## [EXERCISE INSTRUCTIONS]
Return all of the entries word for word, but omit the pictures they contain.

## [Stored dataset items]
****************

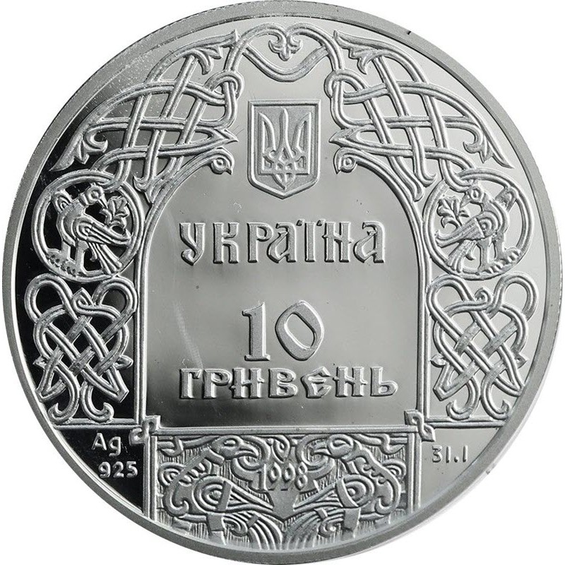 На аверсе изображен орнамент древнерусской напрестольной арки-оберега XII в. В центре малый герб Украины. Ниже надпись: УКРАЇНА 10 ГРИВЕНЬ 1998 Ag 925 31.1 (страна-эмитент, номинал, год чеканки, вес и проба серебра).
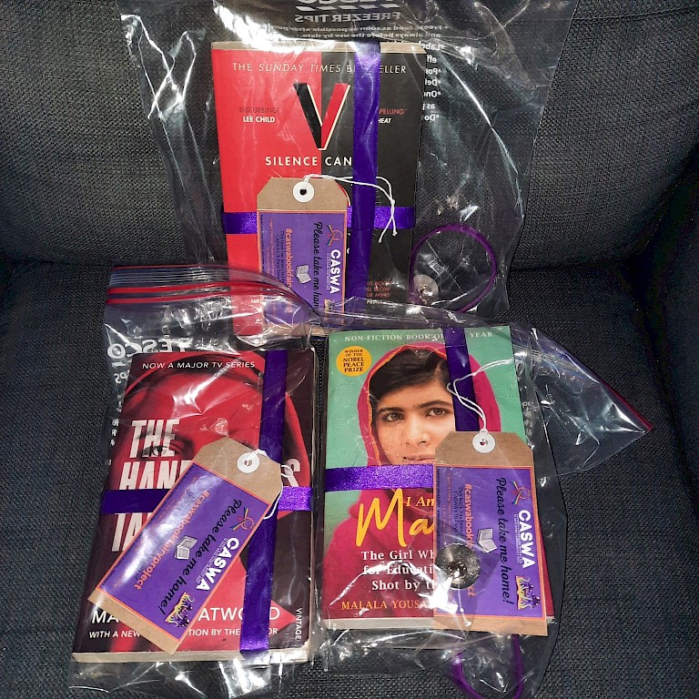 Throughout 16 days our team distributed over 25 books across Caithness and Sutherland for our book fairy project! We’re a team of readers and we picked out our favourite feminist and women-centred non-fiction and fiction literature to share with our community to raise awareness of feminism and women’s experiences. We added a sticker about the project inside all books as well as a bookmark and some CASWA goodies, tied the books in purple ribbon (CASWA’s branding colours) and popped a gift tag on the outside to explain what it was all about. However we couldn’t pop the book out like that - we are in Caithness and Sutherland and believe it or not we’ve had not one but two storms in the last 16 days! Weather-proof zip lock bags to the rescue!!!
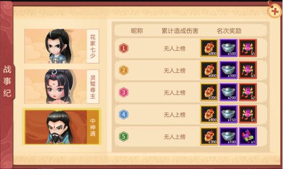 挑战中将设置战事纪,收录累计伤害最高的前五名玩家。
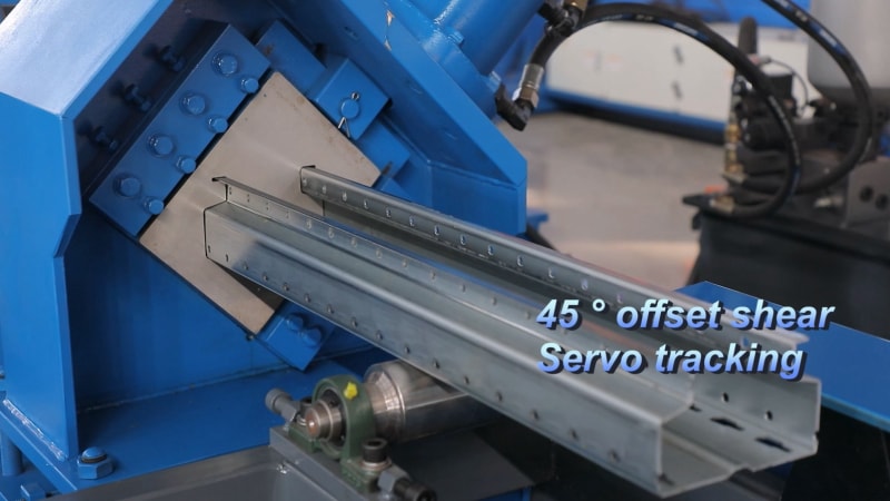 該設(shè)備采用PLC 控制系統(tǒng)和液壓剪切設(shè)備,可以對立柱進行定長剪切,同時保證成品的切口平整美觀。
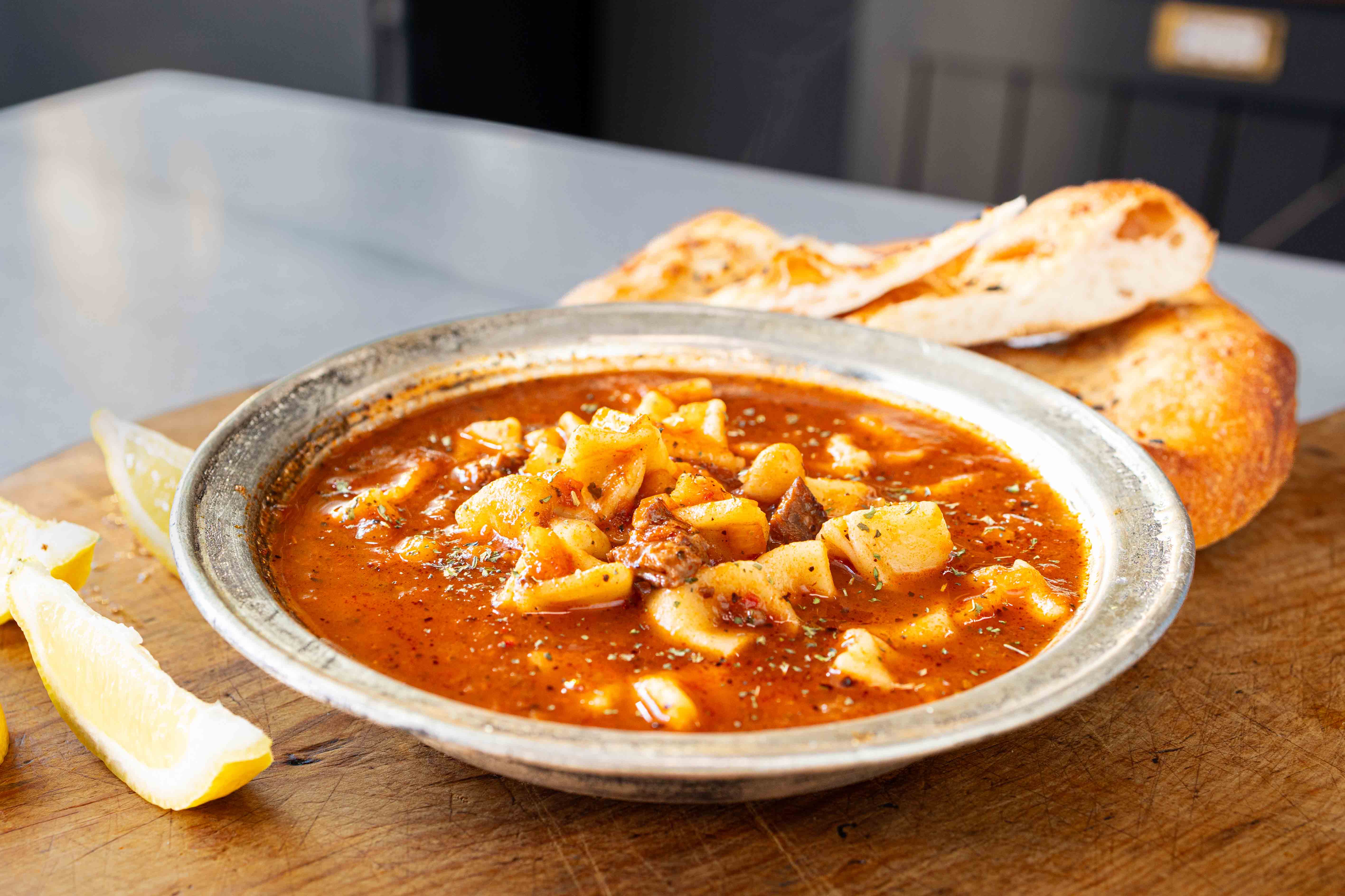 • Kaynayan çorbanın içine 200 g haşlanmış nohut ve 275 g dondurulmuş mantı ekleyin. Mantılar pişene kadar yaklaşık 10 dakika daha pişirin. Ardından sıcak sıcak servis edebilirsiniz. İçmeden hemen önce üzerine mutlaka limon sıkın. Her kaşığında eti, nohudu ve mantısıyla yiyenleri memnun edecek yüksük aşı emirinize amade!
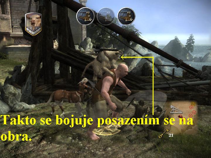 Ocitli jste se tedy zpět na nádvoří, přepněte se na Minotaura a zachytněte se za páku, jeden z dalších vašich kamarádů uchopí druhou, společně za ni zatáhněte, tak si otevřete vrata do další lokace. V této části se nacházejí celkem tři truhlice, bude dobré, než se pustíte do plnění nadcházejících úkolu, přepnout se na Minotaura a proběhnout se po celé lokaci, předem otevřít všechny truhlice, které se nacházejí po jedné u třech válečných strojů a posbírat i poházené klíče. Jakmile tedy splníte tento úkol, najděte si obra a jako Minotaurus si na něj nasedněte (přibližte se k němu a klikněte na klávesu F)0000010519_n01.jpg (72778 bytes) (obr.1). Nyní hledejte postupně tři válečné stroje, jejich znázornění máte nahoře na obrazovce. Jděte tedy k prvnímu z nich, nachází se uprostřed této lokace, naproti bráně, kterou jste sem přišli, z obra z něj nadělejte třísky, na obrazovce vám vybledla prostřední ikonka válečného stroje. Pokračujte doprava k velice chatrnému mostu, vstupte na něj, spustí se animace a vᚠobr se propadne do hlubiny. Nyní si počkejte, až se objeví druhý obr, jako Minataurus si na něj vyskočte, jděte k prvnímu obrovi a vytáhněte jej z propasti. Společně s ním potom svalte přes hlubinu obrovský plochý kámen, po něm přejděte k druhému válečnému stroji a i tento zlikvidujte. Nyní se vydejte k poslednímu válečnému stroji, který se nachází v této lokaci úplně na konci vlevo. Po cestě však obra napadnou nepřátelé, kteří jej spoutají do provazů, tyto nepřátele i s provazy zničte, pokračujte doleva a zničte poslední válečný stroj. Pokud jste je tedy zničili všechny, všechny tři ikonky těchto strojů na hrací ploše musejí vyblednout. Jestliže je tedy vše v pořádku, vrate se zpět na nádvoří.
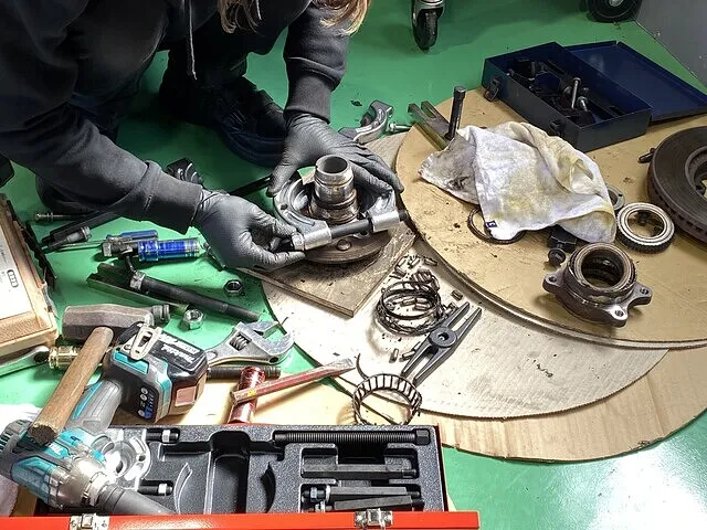 作業はタイヤを外し、ブレーキ周りを取り外してハブ部分を分解していきます。
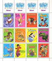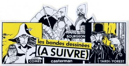 Commentaire : Planche de 8 stickers pour livres et cahiers offerte avec l'hebdomadaire Spirou n°2423 du 20/9/1984. Séries représentées : Génial Olivier, Gully, Yoko Tsuno, Agent 212, L'homme aux phylactères, Natacha, Bobo, Germain et nous.
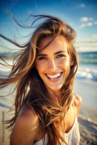 cheerful, hispanic, woman, smile, beach, windblown, hair, portrait, happy, face, ocean, blond, girl, sun, summer, sea, sky, funny, joy, casual attire, fashion, lifestyle, healthy, model, nature, vacation, travel, holiday, warm, wind, breeze, outdoors, sunshine, young, eye, white, blue, casual clothes, photo, photoshoot, relax, 1, people
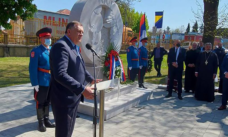 24.04.2021. | 10:50Srpski član i predsjedavajući Predsjedništva BiH Milorad Dodik i predsjednik Republike Srpske Željka Cvijanović otkrili su danas u Gradišci spomen-obilježje vojnicima i civilima poginulim u zločinačko…
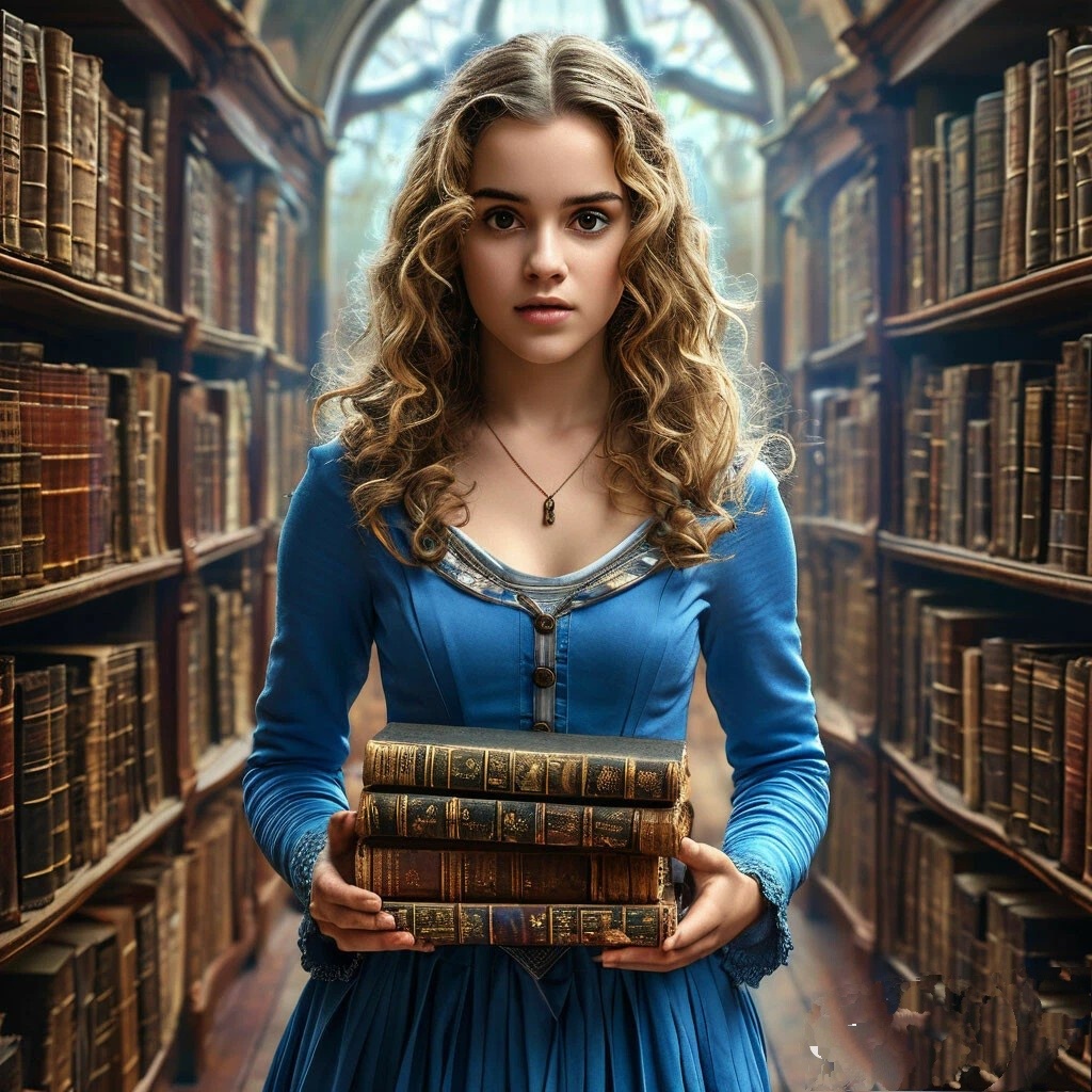 Этот несерьёзный текст — литературная головоломка. Читателям предлагается угадать знакомых героев и элементы сюжета. Глава I. Кольцо Хронолога и Зеркало Бессмыслицы В кабинете архаичной магии пахло пылью веков и чернилами, высохшими ещё при Ньютоне. Миона провела пальцем по корешку фолианта с тиснением — «Тайны временных петель: от Альбусов до Алис». Тут ее взгляд упал на шкатулку, спрятанную за стеклянной витриной. Внутри, на бархате туманного цвета, лежало кольцо: серебряное, с гравировкой в виде зайчика, вечно бегущего по ободку, и крошечной надписью: «Опоздал? Не спеши — теперь ты опоздал навсегда». Как только Миона коснулась кольца, воздух сгустился, как сироп. Стрелки часов побежали вспять. Зеркало напротив исказило отражение: вместо Мионы в нем мелькнула девочка в голубом платье, падающая с ветки зеленого дуба, но вместо земли под ней зияла бездна. — Не стоит, — прошептал чей-то голос, но Миона уже надела кольцо. Мир перевернулся. *** Она очнулась в лесу, где деревья р

****************

## [ANSWER BELOW]
 На аверсе изображен орнамент древнерусской напрестольной арки-оберега XII в. В центре малый герб Украины. Ниже надпись: УКРАЇНА 10 ГРИВЕНЬ 1998 Ag 925 31.1 (страна-эмитент, номинал, год чеканки, вес и проба серебра).
 Throughout 16 days our team distributed over 25 books across Caithness and Sutherland for our book fairy project! We’re a team of readers and we picked out our favourite feminist and women-centred non-fiction and fiction literature to share with our community to raise awareness of feminism and women’s experiences. We added a sticker about the project inside all books as well as a bookmark and some CASWA goodies, tied the books in purple ribbon (CASWA’s branding colours) and popped a gift tag on the outside to explain what it was all about. However we couldn’t pop the book out like that - we are in Caithness and Sutherland and believe it or not we’ve had not one but two storms in the last 16 days! Weather-proof zip lock bags to the rescue!!!
 挑战中将设置战事纪,收录累计伤害最高的前五名玩家。
 該設(shè)備采用PLC 控制系統(tǒng)和液壓剪切設(shè)備,可以對立柱進行定長剪切,同時保證成品的切口平整美觀。
 • Kaynayan çorbanın içine 200 g haşlanmış nohut ve 275 g dondurulmuş mantı ekleyin. Mantılar pişene kadar yaklaşık 10 dakika daha pişirin. Ardından sıcak sıcak servis edebilirsiniz. İçmeden hemen önce üzerine mutlaka limon sıkın. Her kaşığında eti, nohudu ve mantısıyla yiyenleri memnun edecek yüksük aşı emirinize amade!
 Ocitli jste se tedy zpět na nádvoří, přepněte se na Minotaura a zachytněte se za páku, jeden z dalších vašich kamarádů uchopí druhou, společně za ni zatáhněte, tak si otevřete vrata do další lokace. V této části se nacházejí celkem tři truhlice, bude dobré, než se pustíte do plnění nadcházejících úkolu, přepnout se na Minotaura a proběhnout se po celé lokaci, předem otevřít všechny truhlice, které se nacházejí po jedné u třech válečných strojů a posbírat i poházené klíče. Jakmile tedy splníte tento úkol, najděte si obra a jako Minotaurus si na něj nasedněte (přibližte se k němu a klikněte na klávesu F)0000010519_n01.jpg (72778 bytes) (obr.1). Nyní hledejte postupně tři válečné stroje, jejich znázornění máte nahoře na obrazovce. Jděte tedy k prvnímu z nich, nachází se uprostřed této lokace, naproti bráně, kterou jste sem přišli, z obra z něj nadělejte třísky, na obrazovce vám vybledla prostřední ikonka válečného stroje. Pokračujte doprava k velice chatrnému mostu, vstupte na něj, spustí se animace a vᚠobr se propadne do hlubiny. Nyní si počkejte, až se objeví druhý obr, jako Minataurus si na něj vyskočte, jděte k prvnímu obrovi a vytáhněte jej z propasti. Společně s ním potom svalte přes hlubinu obrovský plochý kámen, po něm přejděte k druhému válečnému stroji a i tento zlikvidujte. Nyní se vydejte k poslednímu válečnému stroji, který se nachází v této lokaci úplně na konci vlevo. Po cestě však obra napadnou nepřátelé, kteří jej spoutají do provazů, tyto nepřátele i s provazy zničte, pokračujte doleva a zničte poslední válečný stroj. Pokud jste je tedy zničili všechny, všechny tři ikonky těchto strojů na hrací ploše musejí vyblednout. Jestliže je tedy vše v pořádku, vrate se zpět na nádvoří.
 作業はタイヤを外し、ブレーキ周りを取り外してハブ部分を分解していきます。
 Commentaire : Planche de 8 stickers pour livres et cahiers offerte avec l'hebdomadaire Spirou n°2423 du 20/9/1984. Séries représentées : Génial Olivier, Gully, Yoko Tsuno, Agent 212, L'homme aux phylactères, Natacha, Bobo, Germain et nous.
 cheerful, hispanic, woman, smile, beach, windblown, hair, portrait, happy, face, ocean, blond, girl, sun, summer, sea, sky, funny, joy, casual attire, fashion, lifestyle, healthy, model, nature, vacation, travel, holiday, warm, wind, breeze, outdoors, sunshine, young, eye, white, blue, casual clothes, photo, photoshoot, relax, 1, people
 24.04.2021. | 10:50Srpski član i predsjedavajući Predsjedništva BiH Milorad Dodik i predsjednik Republike Srpske Željka Cvijanović otkrili su danas u Gradišci spomen-obilježje vojnicima i civilima poginulim u zločinačko…
 Этот несерьёзный текст — литературная головоломка. Читателям предлагается угадать знакомых героев и элементы сюжета. Глава I. Кольцо Хронолога и Зеркало Бессмыслицы В кабинете архаичной магии пахло пылью веков и чернилами, высохшими ещё при Ньютоне. Миона провела пальцем по корешку фолианта с тиснением — «Тайны временных петель: от Альбусов до Алис». Тут ее взгляд упал на шкатулку, спрятанную за стеклянной витриной. Внутри, на бархате туманного цвета, лежало кольцо: серебряное, с гравировкой в виде зайчика, вечно бегущего по ободку, и крошечной надписью: «Опоздал? Не спеши — теперь ты опоздал навсегда». Как только Миона коснулась кольца, воздух сгустился, как сироп. Стрелки часов побежали вспять. Зеркало напротив исказило отражение: вместо Мионы в нем мелькнула девочка в голубом платье, падающая с ветки зеленого дуба, но вместо земли под ней зияла бездна. — Не стоит, — прошептал чей-то голос, но Миона уже надела кольцо. Мир перевернулся. *** Она очнулась в лесу, где деревья р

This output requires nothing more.